Pilot-scale study and biochemical verification of salt-tolerant catalyst Fe-Bi@γ-Al2O3 for catalytic ozonation of high-salinity wastewater

Abstract

In this study, Fe-Bi@ γ-Al2O3 was used as a catalyst to construct a heterogeneous catalytic ozonation system for the treatment of high-salinity organic wastewater and its biochemical verification was studied. The optimum operating conditions and degradation mechanism of Fe-Bi@ γ-Al2O3 catalytic ozonation of high salinity wastewater were systematically investigated. The biodegradability of wastewater before and after treatment was also studied. Under the optimum operating conditions of ozone dosage of 160 mg/L, catalyst filling rate of 15%, ratio of height to diameter of 15, hydraulic retention time of 210 min and recycle ratio of 500%, the removal rate of COD is 45.13%. The mechanical strength of Fe-Bi@ γ-Al2O3 catalyst is almost unchanged after being reused for 20 times. The results of Ultraviolet and visible spectrophotometry (UV-Vis), 3D (Three-Dimensional)-fluorescence and Gas Chromatography-Mass Spectrometer (GC-MS)showed that humus, fulvic acid and undissolved microbial organic matter were degraded.

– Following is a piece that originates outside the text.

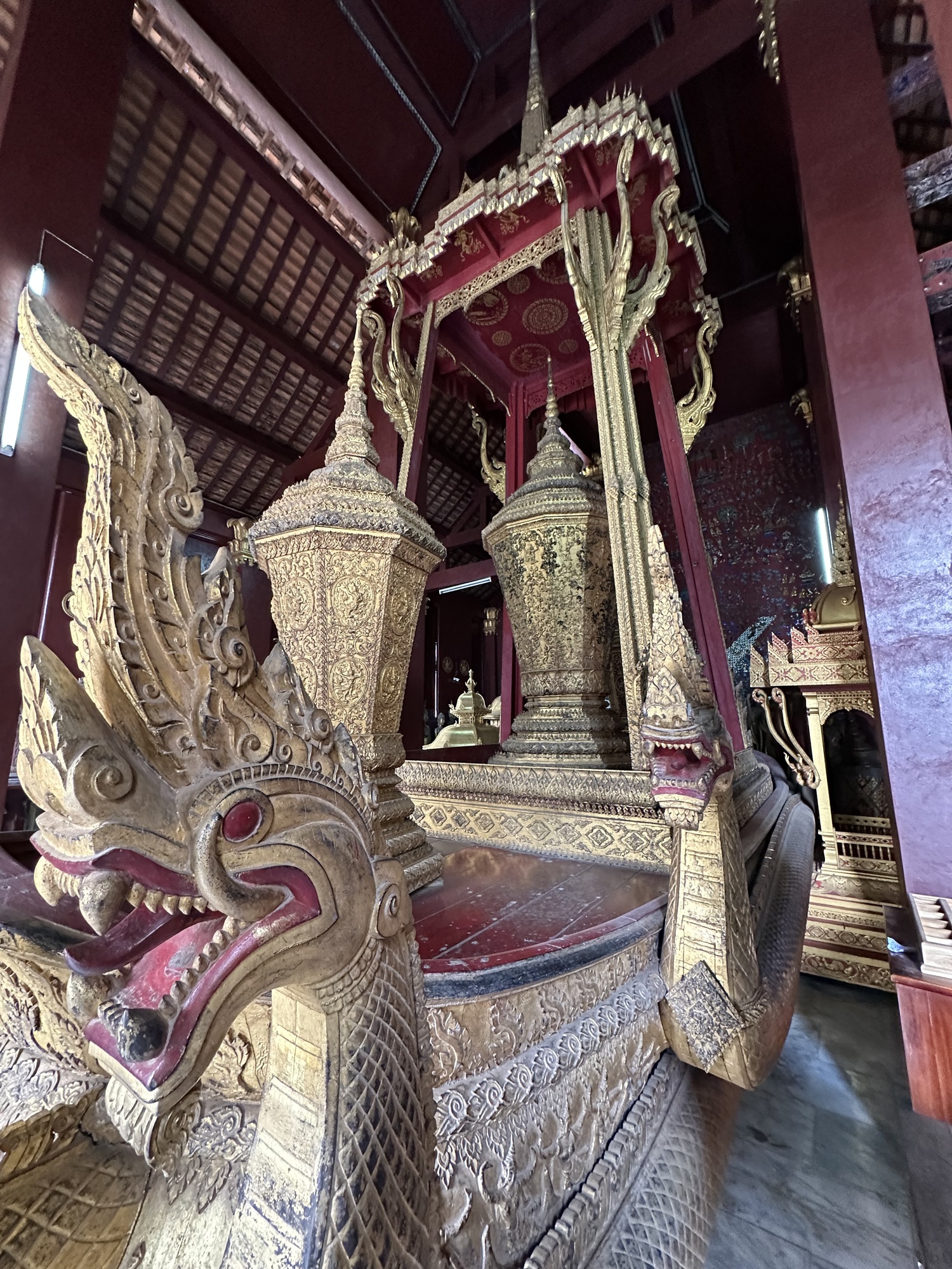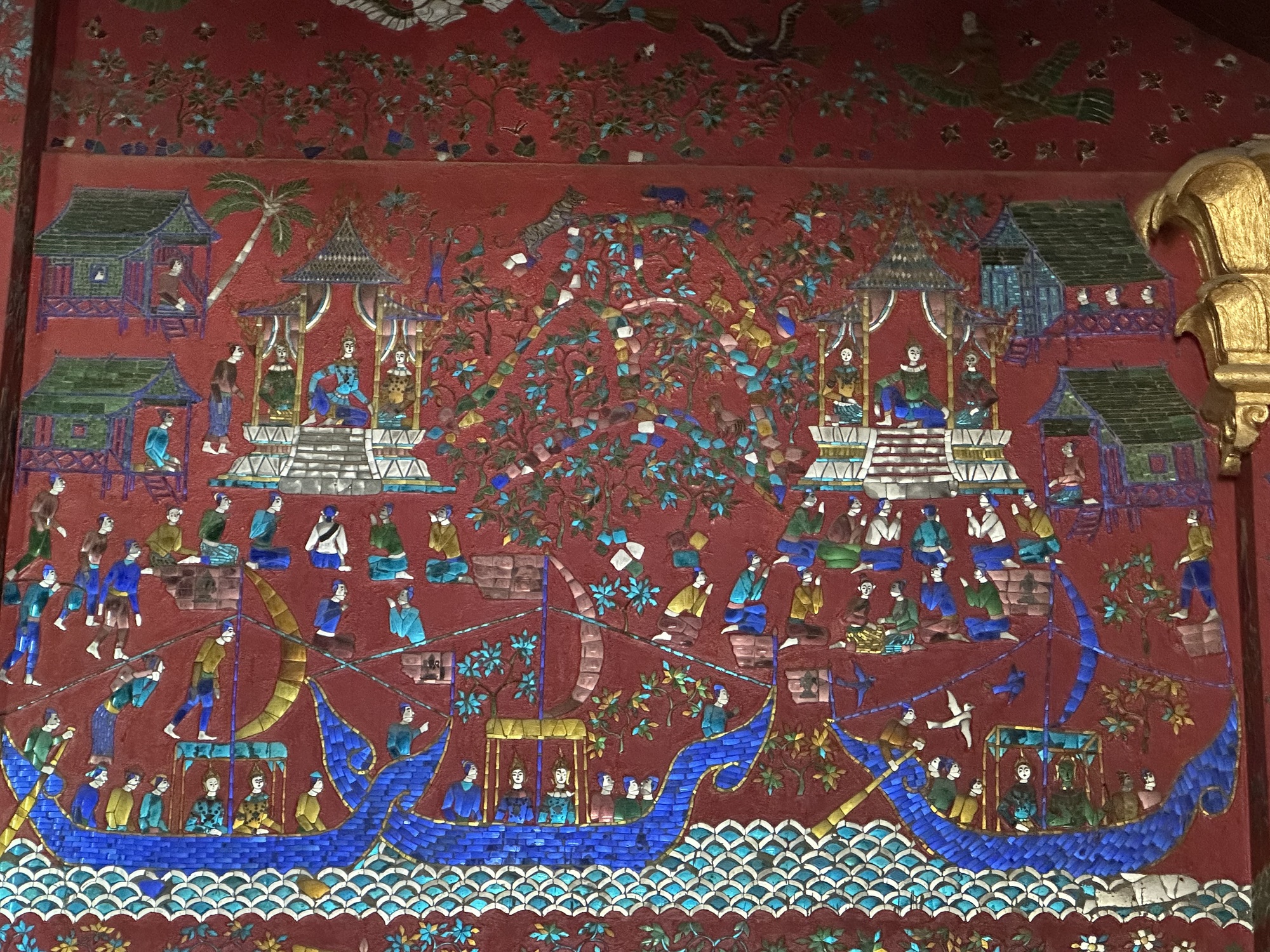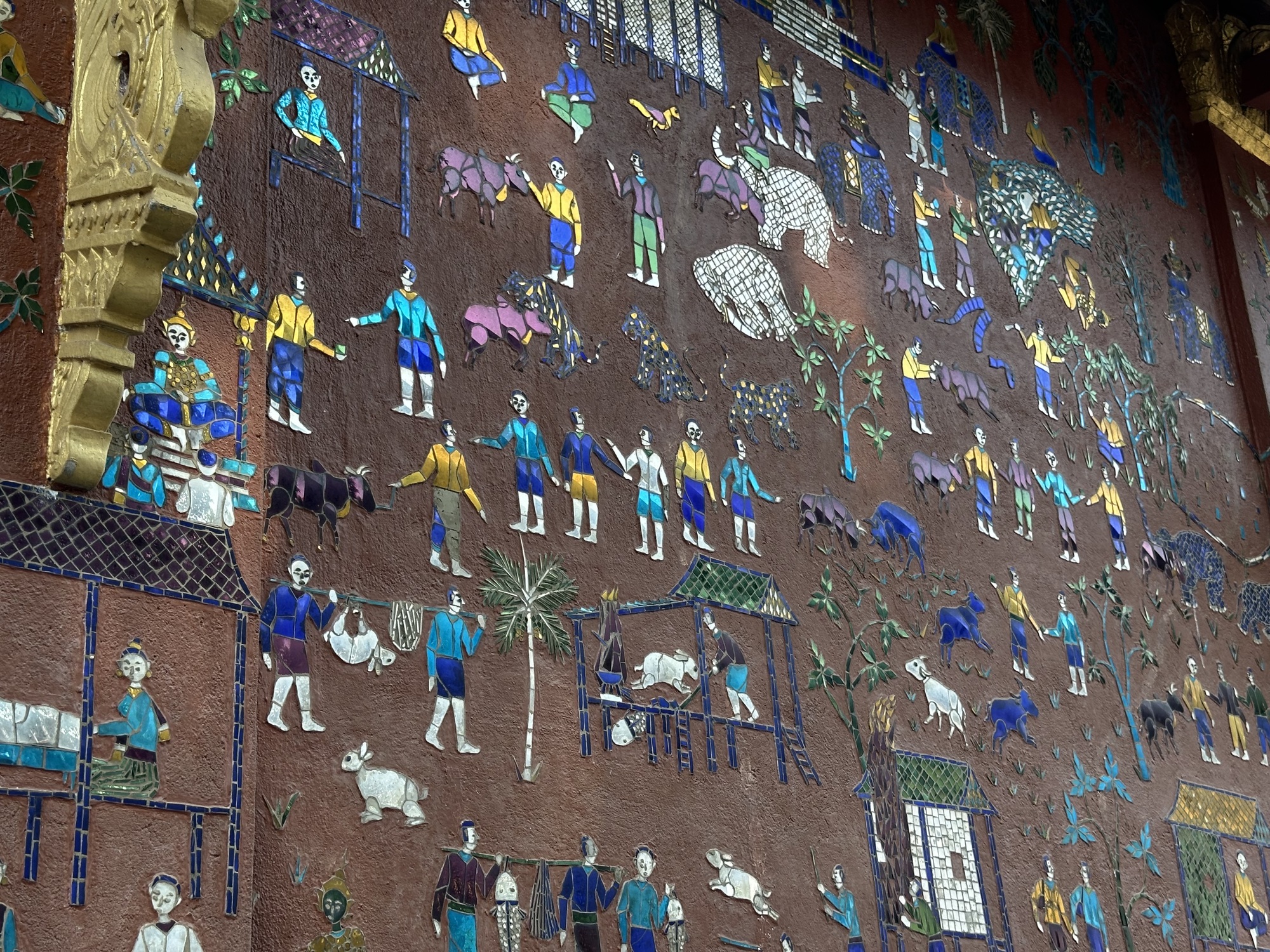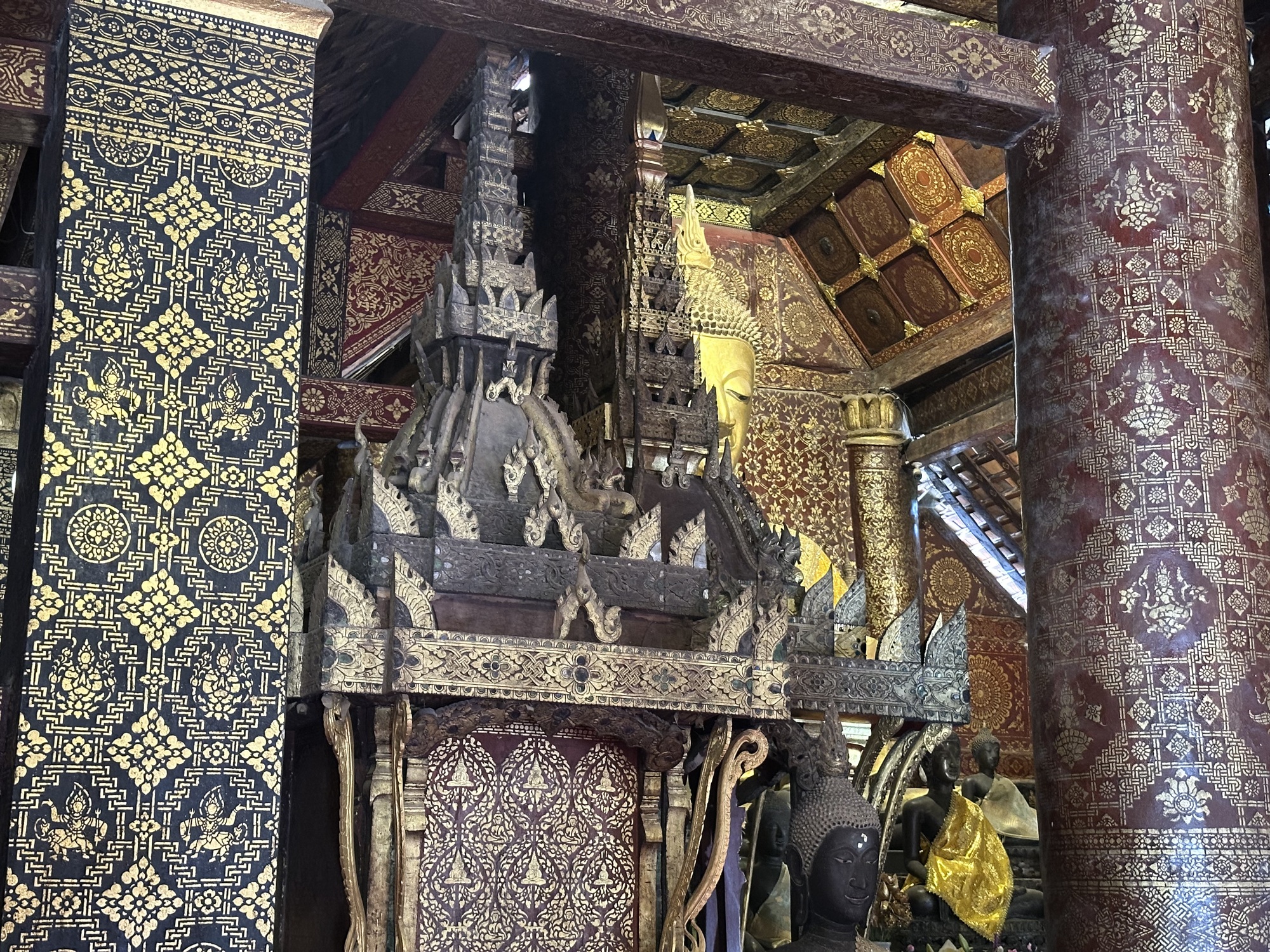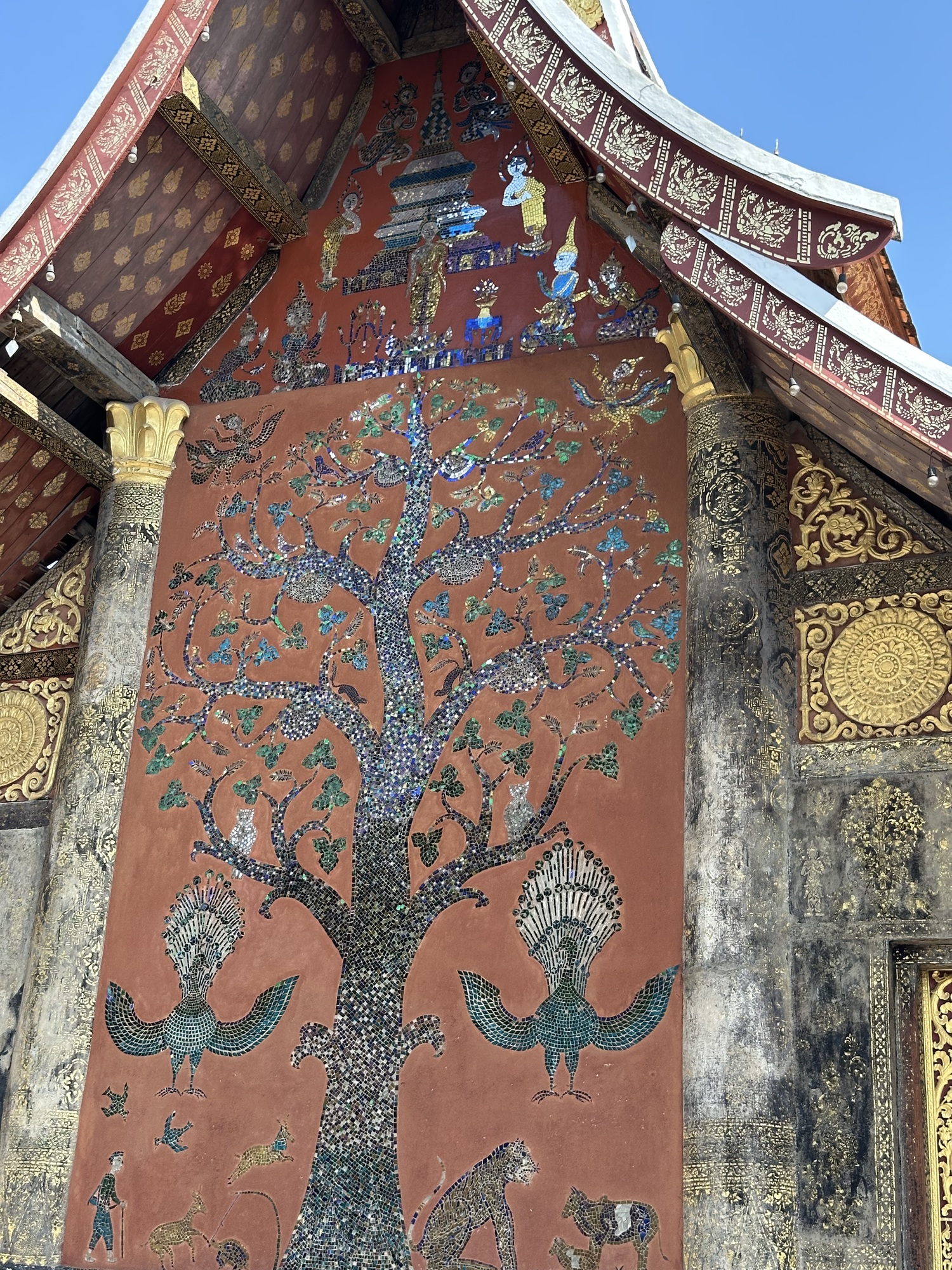 Wat Xiang Thong has many small buildings surrounding the main temple and are in remarkably good condition. Most have inlaid mirrors on the walls, inside and out, depicting life in Laos. One building is the royal funerary carriage house with a huge royal carriage to transport the container with the body of a deceased royal inside. So, the temple has a strong element of royalty. The former royal palace is just down the street from the temple.

In the biochemical verification experiment, after the high salinity wastewater was used to impact the bio-reactor, the mixed liquor suspended solids (MLSS) was basically stable at 9597 mg/L, 8856 mg/L, 9414 mg/L and 8741 mg/L, and the mixed liquor volatile suspended solids (MLVSS) was basically stable at 7042 mg/L, 6940 mg/L, 6949 mg/L and 6519 mg/L. The dissolved oxygen (DO) in the four reactors were 2.9 mg/L, 3.48 mg/L, 3.6 mg/L and 2.92 mg/L respectively, and the sludge Volume Index (SVI30) were 93 mL/g, 98 mL/g, 93 mL/g and 91 mL/g respectively. After two cycles (20d) of 30% high salinity wastewater, the chemical oxygen demand (COD) removal rates of the four reactors were 78%, 84%, 86% and 91%, respectively. When the reaction time is 40 min, the BOD5/COD (B/C) value of the high-salinity wastewater reaches 0.91, and the biodegradability of the wastewater is improved significantly. Scanning electron microscope (SEM) showed that the granular sludge in the reactor had compact structure and smooth surface, and there were a lot of fungi and filamentous microorganisms on the sludge surface.in that condition of salinity stress, the microbial community in the activate sludge changed to a great extent, and Proteobacteria and Bacteroidetes became the main phylum. The Fe-Bi@ γγ-Al2O3 catalyst has good catalytic performance and can be used for deep treatment of high-salt organic wastewater.